* _Directions_
Your answer should be the records below, repeated exactly as they stand.

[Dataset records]
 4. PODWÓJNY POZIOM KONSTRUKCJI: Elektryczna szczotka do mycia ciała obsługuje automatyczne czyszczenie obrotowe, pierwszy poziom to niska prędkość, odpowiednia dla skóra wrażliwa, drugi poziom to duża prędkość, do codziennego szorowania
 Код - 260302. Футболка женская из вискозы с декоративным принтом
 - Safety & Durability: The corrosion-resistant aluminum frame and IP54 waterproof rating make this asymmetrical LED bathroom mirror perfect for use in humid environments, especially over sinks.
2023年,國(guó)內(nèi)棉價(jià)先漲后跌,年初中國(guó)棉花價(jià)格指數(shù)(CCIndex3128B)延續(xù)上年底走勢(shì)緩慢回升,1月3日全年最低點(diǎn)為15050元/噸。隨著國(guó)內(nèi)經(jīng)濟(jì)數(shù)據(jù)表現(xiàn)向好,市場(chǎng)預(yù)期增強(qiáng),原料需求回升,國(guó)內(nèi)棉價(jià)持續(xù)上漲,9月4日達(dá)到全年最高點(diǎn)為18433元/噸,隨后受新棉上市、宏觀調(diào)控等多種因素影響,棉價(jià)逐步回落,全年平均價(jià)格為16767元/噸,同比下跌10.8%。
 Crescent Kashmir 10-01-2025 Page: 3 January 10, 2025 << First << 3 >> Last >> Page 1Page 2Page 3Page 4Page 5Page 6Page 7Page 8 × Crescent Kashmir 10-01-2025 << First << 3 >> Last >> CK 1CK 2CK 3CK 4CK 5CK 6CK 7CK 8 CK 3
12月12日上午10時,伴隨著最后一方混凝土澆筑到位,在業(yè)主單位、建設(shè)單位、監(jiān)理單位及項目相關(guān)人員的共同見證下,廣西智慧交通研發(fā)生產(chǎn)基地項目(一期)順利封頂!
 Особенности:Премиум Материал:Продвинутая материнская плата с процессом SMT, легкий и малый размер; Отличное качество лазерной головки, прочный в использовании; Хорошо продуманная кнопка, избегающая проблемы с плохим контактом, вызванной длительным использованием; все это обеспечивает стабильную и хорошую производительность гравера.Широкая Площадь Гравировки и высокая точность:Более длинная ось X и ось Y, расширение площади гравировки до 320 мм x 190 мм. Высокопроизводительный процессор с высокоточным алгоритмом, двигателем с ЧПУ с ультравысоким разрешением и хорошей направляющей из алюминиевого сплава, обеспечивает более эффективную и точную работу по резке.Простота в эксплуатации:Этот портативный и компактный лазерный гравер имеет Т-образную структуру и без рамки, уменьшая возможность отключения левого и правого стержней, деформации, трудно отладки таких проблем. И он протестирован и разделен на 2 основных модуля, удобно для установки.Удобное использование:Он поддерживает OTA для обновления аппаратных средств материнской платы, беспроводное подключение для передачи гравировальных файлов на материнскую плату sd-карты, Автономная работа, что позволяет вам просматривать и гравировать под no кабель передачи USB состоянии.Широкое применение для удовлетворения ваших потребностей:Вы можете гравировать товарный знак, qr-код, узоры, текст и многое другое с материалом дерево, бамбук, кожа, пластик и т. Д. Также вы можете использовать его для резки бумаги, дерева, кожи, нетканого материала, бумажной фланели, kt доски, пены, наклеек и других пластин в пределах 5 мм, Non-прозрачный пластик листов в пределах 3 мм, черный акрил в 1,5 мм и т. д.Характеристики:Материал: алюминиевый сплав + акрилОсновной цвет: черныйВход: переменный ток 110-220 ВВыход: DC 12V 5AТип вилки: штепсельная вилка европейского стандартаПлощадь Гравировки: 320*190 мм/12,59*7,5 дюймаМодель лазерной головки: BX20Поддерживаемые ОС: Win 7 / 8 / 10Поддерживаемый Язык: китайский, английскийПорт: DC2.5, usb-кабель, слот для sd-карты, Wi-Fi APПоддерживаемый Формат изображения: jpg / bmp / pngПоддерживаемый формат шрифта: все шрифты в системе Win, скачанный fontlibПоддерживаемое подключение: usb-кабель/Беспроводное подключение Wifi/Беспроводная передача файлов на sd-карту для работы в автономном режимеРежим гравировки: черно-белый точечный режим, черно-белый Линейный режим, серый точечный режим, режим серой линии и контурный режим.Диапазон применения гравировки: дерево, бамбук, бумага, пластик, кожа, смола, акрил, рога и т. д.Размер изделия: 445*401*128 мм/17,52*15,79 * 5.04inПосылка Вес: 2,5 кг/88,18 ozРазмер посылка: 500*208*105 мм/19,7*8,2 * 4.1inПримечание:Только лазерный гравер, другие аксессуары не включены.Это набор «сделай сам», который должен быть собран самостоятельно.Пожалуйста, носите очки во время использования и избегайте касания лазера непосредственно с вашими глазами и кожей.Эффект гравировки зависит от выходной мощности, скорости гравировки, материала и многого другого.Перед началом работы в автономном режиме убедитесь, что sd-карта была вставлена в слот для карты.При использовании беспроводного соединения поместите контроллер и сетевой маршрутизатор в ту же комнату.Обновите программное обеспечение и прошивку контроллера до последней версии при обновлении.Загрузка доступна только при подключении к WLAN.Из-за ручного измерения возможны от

* _Solution to this problem_
 4. PODWÓJNY POZIOM KONSTRUKCJI: Elektryczna szczotka do mycia ciała obsługuje automatyczne czyszczenie obrotowe, pierwszy poziom to niska prędkość, odpowiednia dla skóra wrażliwa, drugi poziom to duża prędkość, do codziennego szorowania
 Код - 260302. Футболка женская из вискозы с декоративным принтом
 - Safety & Durability: The corrosion-resistant aluminum frame and IP54 waterproof rating make this asymmetrical LED bathroom mirror perfect for use in humid environments, especially over sinks.
2023年,國(guó)內(nèi)棉價(jià)先漲后跌,年初中國(guó)棉花價(jià)格指數(shù)(CCIndex3128B)延續(xù)上年底走勢(shì)緩慢回升,1月3日全年最低點(diǎn)為15050元/噸。隨著國(guó)內(nèi)經(jīng)濟(jì)數(shù)據(jù)表現(xiàn)向好,市場(chǎng)預(yù)期增強(qiáng),原料需求回升,國(guó)內(nèi)棉價(jià)持續(xù)上漲,9月4日達(dá)到全年最高點(diǎn)為18433元/噸,隨后受新棉上市、宏觀調(diào)控等多種因素影響,棉價(jià)逐步回落,全年平均價(jià)格為16767元/噸,同比下跌10.8%。
 Crescent Kashmir 10-01-2025 Page: 3 January 10, 2025 << First << 3 >> Last >> Page 1Page 2Page 3Page 4Page 5Page 6Page 7Page 8 × Crescent Kashmir 10-01-2025 << First << 3 >> Last >> CK 1CK 2CK 3CK 4CK 5CK 6CK 7CK 8 CK 3
12月12日上午10時,伴隨著最后一方混凝土澆筑到位,在業(yè)主單位、建設(shè)單位、監(jiān)理單位及項目相關(guān)人員的共同見證下,廣西智慧交通研發(fā)生產(chǎn)基地項目(一期)順利封頂!
 Особенности:Премиум Материал:Продвинутая материнская плата с процессом SMT, легкий и малый размер; Отличное качество лазерной головки, прочный в использовании; Хорошо продуманная кнопка, избегающая проблемы с плохим контактом, вызванной длительным использованием; все это обеспечивает стабильную и хорошую производительность гравера.Широкая Площадь Гравировки и высокая точность:Более длинная ось X и ось Y, расширение площади гравировки до 320 мм x 190 мм. Высокопроизводительный процессор с высокоточным алгоритмом, двигателем с ЧПУ с ультравысоким разрешением и хорошей направляющей из алюминиевого сплава, обеспечивает более эффективную и точную работу по резке.Простота в эксплуатации:Этот портативный и компактный лазерный гравер имеет Т-образную структуру и без рамки, уменьшая возможность отключения левого и правого стержней, деформации, трудно отладки таких проблем. И он протестирован и разделен на 2 основных модуля, удобно для установки.Удобное использование:Он поддерживает OTA для обновления аппаратных средств материнской платы, беспроводное подключение для передачи гравировальных файлов на материнскую плату sd-карты, Автономная работа, что позволяет вам просматривать и гравировать под no кабель передачи USB состоянии.Широкое применение для удовлетворения ваших потребностей:Вы можете гравировать товарный знак, qr-код, узоры, текст и многое другое с материалом дерево, бамбук, кожа, пластик и т. Д. Также вы можете использовать его для резки бумаги, дерева, кожи, нетканого материала, бумажной фланели, kt доски, пены, наклеек и других пластин в пределах 5 мм, Non-прозрачный пластик листов в пределах 3 мм, черный акрил в 1,5 мм и т. д.Характеристики:Материал: алюминиевый сплав + акрилОсновной цвет: черныйВход: переменный ток 110-220 ВВыход: DC 12V 5AТип вилки: штепсельная вилка европейского стандартаПлощадь Гравировки: 320*190 мм/12,59*7,5 дюймаМодель лазерной головки: BX20Поддерживаемые ОС: Win 7 / 8 / 10Поддерживаемый Язык: китайский, английскийПорт: DC2.5, usb-кабель, слот для sd-карты, Wi-Fi APПоддерживаемый Формат изображения: jpg / bmp / pngПоддерживаемый формат шрифта: все шрифты в системе Win, скачанный fontlibПоддерживаемое подключение: usb-кабель/Беспроводное подключение Wifi/Беспроводная передача файлов на sd-карту для работы в автономном режимеРежим гравировки: черно-белый точечный режим, черно-белый Линейный режим, серый точечный режим, режим серой линии и контурный режим.Диапазон применения гравировки: дерево, бамбук, бумага, пластик, кожа, смола, акрил, рога и т. д.Размер изделия: 445*401*128 мм/17,52*15,79 * 5.04inПосылка Вес: 2,5 кг/88,18 ozРазмер посылка: 500*208*105 мм/19,7*8,2 * 4.1inПримечание:Только лазерный гравер, другие аксессуары не включены.Это набор «сделай сам», который должен быть собран самостоятельно.Пожалуйста, носите очки во время использования и избегайте касания лазера непосредственно с вашими глазами и кожей.Эффект гравировки зависит от выходной мощности, скорости гравировки, материала и многого другого.Перед началом работы в автономном режиме убедитесь, что sd-карта была вставлена в слот для карты.При использовании беспроводного соединения поместите контроллер и сетевой маршрутизатор в ту же комнату.Обновите программное обеспечение и прошивку контроллера до последней версии при обновлении.Загрузка доступна только при подключении к WLAN.Из-за ручного измерения возможны от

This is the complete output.